(About this task): What's needed is an exact copy of the lines from the one that contains "Wer vorhat so" to the end of the data below, leaving the pictures out.

(Recorded data):

------

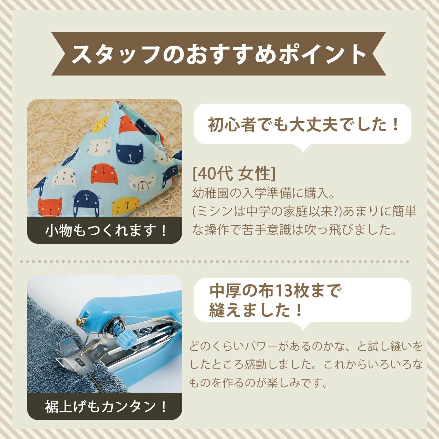 ウール デニム レザーなど 片手でラクラク縫える 初心者でも安心の簡単操作 10%オフクーポン 】 超小型迷ニ手動ハンディミシン
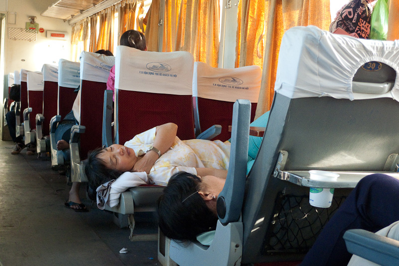Wer vorhat so wie wir eine Strecke mit dem Zug zurück zulegen kann sich seine Tickets meist im Hotel buchen lassen, aber auch direkt vor Fahrantritt am Bahnschalter kaufen – was meist günstiger ist, da sich die Hotels den Service natürlich bezahlen lassen. Wir haben für unsere Zugtickets übers Hotel von Danang – Nha Trang (18$ p.P.) und von Nha Trang – Saigon (16$ p.P.) bezahlt. Vorteil durch das im voraus buchen ist, dass wir genau wussten wann die Züge fahren und waren wir pünktlich zur Fahrt nach Nha Trang am Bahnhof, wo wir es uns im Wartesaal gemütlich machten.
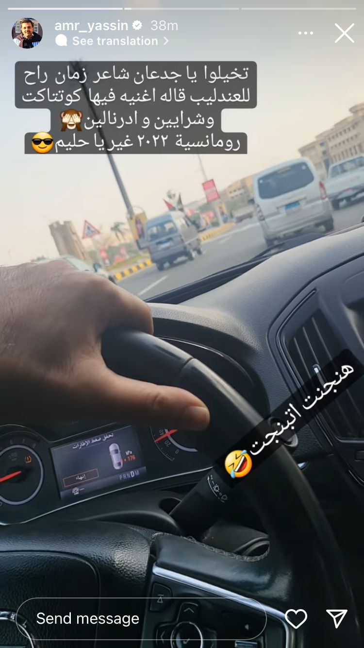 ونشر عمرو محمود ياسين مقطع فيديو له في السيارة وهو يستمع لأغنية “ادرينالين” وعلق: تخيلوا يا جدعان شاعر زمان راح للعندليب قاله أغنية فيها كونتاكت وشرايين وادينالين.. رومانسية 2022 غيريا حليم.. هنجت اتبنجت 😂.
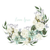 Akwarela ślubna z wisteria, róże i dzikie kwiaty, zielone liście. Ilustracja

------

(Task output):
Wer vorhat so wie wir eine Strecke mit dem Zug zurück zulegen kann sich seine Tickets meist im Hotel buchen lassen, aber auch direkt vor Fahrantritt am Bahnschalter kaufen – was meist günstiger ist, da sich die Hotels den Service natürlich bezahlen lassen. Wir haben für unsere Zugtickets übers Hotel von Danang – Nha Trang (18$ p.P.) und von Nha Trang – Saigon (16$ p.P.) bezahlt. Vorteil durch das im voraus buchen ist, dass wir genau wussten wann die Züge fahren und waren wir pünktlich zur Fahrt nach Nha Trang am Bahnhof, wo wir es uns im Wartesaal gemütlich machten.
 ونشر عمرو محمود ياسين مقطع فيديو له في السيارة وهو يستمع لأغنية “ادرينالين” وعلق: تخيلوا يا جدعان شاعر زمان راح للعندليب قاله أغنية فيها كونتاكت وشرايين وادينالين.. رومانسية 2022 غيريا حليم.. هنجت اتبنجت 😂.
 Akwarela ślubna z wisteria, róże i dzikie kwiaty, zielone liście. Ilustracja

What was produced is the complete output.